Raporda, "mağdurların çalışmaya başladıkları ilk günden itibaren kendilerine karşı aşağılayıcı ve sözlü tacizde bulunulduğunu ve aralarında Kürtçe konuşmalarının sorun haline getirildiğini ifade ettiği" yazıldı.
"Bu saldırıların temel sebeplerinden birinin Türk Ceza Kanunu’nda nefret suçunun ve ırkçı saiklerle yapılan saldırılarının suç olarak düzenlenmemiş olması faillerin rahat hareket etmesine yol açmaktadır." ifadesini kullanan heyet, "İdari makamların olayın üstünü örtme ve gerçeği çarpıtma yönündeki yaklaşımları ile yargı makamlarının cezasızlık politikasındaki ısrarları bu ve benzeri saldırıları körüklemekte, hatta teşvik etmektedir." dedi.
Raporda, "Faillerin; “devlet biziz, jandarma da bizden yana” gibi söylemleri ceza almayacağını bilme pervasızlığı ve cezasızlık politikaların çok net bir sonucudur." tespitinde bulunuldu.
"Çocukların çalıştırılması çocuk hakkı ihlali"
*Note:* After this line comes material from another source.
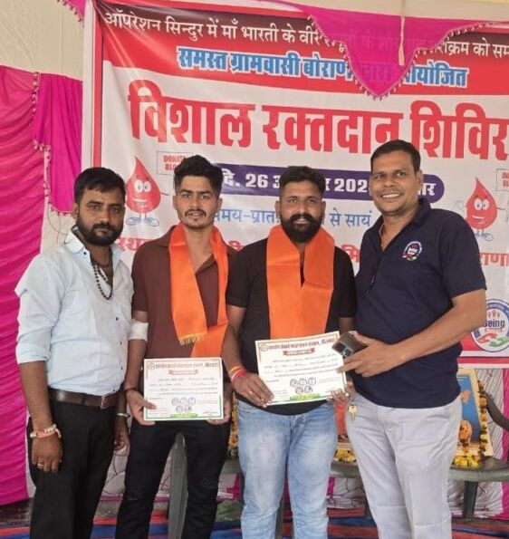 शिविर संयोजक कैलाशचंद्र गाड़िया लौहार ने बताया कि लगातार दूसरे वर्ष आयोजित इस शिविर में युवाओं ने देशभक्ति और सेवा भाव के साथ बढ़-चढ़कर रक्तदान किया। रक्तदाता टीम बोराणा के मनीष रेगर, हिमांशु रेगर, दिव्यांश बोलीवाल, श्रीयांश बोलीवाल और अर्पित टेलर ने शिविर को सफल बनाने में सक्रिय भूमिका निभाई।

Avukatlar saldırıya ilişkin raporda ayrıca çocukların çalıştırılmasına da değinerek, "Mağdur çocuklarının tamamının okul çağında olduğu halde mevsimlik işçi olarak evlerinden uzak şehirlerde eğitim hayatlarından tamamen koparılarak çalıştırılması çocuk hakkı ihlali niteliğindedir. Çocukların işçi olarak çalıştırmanın, çocukluluklarını yaşamaktan alıkoyan potansiyellerini ve saygınlıklarını fiziksel ve zihinsel gelişimlerine zarar verici nitelikte olmasının önüne geçilmesi için gerekli önlemlerin alınması gerekmektedir." diye yazdı.
"Heyetin çalışmaları engellendi"
Barolardan rapora ilişkin yapılan basın açıklamasında da "Mevsimlik tarım işçilerine yapılan saldırıya ait görüntülerin çeşitli medya organlarında ve sosyal medyada paylaşılması üzerine ilk andan itibaren Baromuz, Mardin Barosuyla birlikte olayı aydınlığa kavuşturmak, mağdurlara hukuki destek sunmak ve adli mercilere gerekli ihbarları yapmak için harekete geçmiştir. Irkçı saldırıya uğrayan aile ile irtibata geçilmiştir" denildi.
Barolar, raporu hazırlayan heyetin güvenlik güçlerinin engellemelerine, hakaret ve tacizlerine maruz kalıp, görevlerini yapmalarının engellenmeye çalışıldığını kaydetti.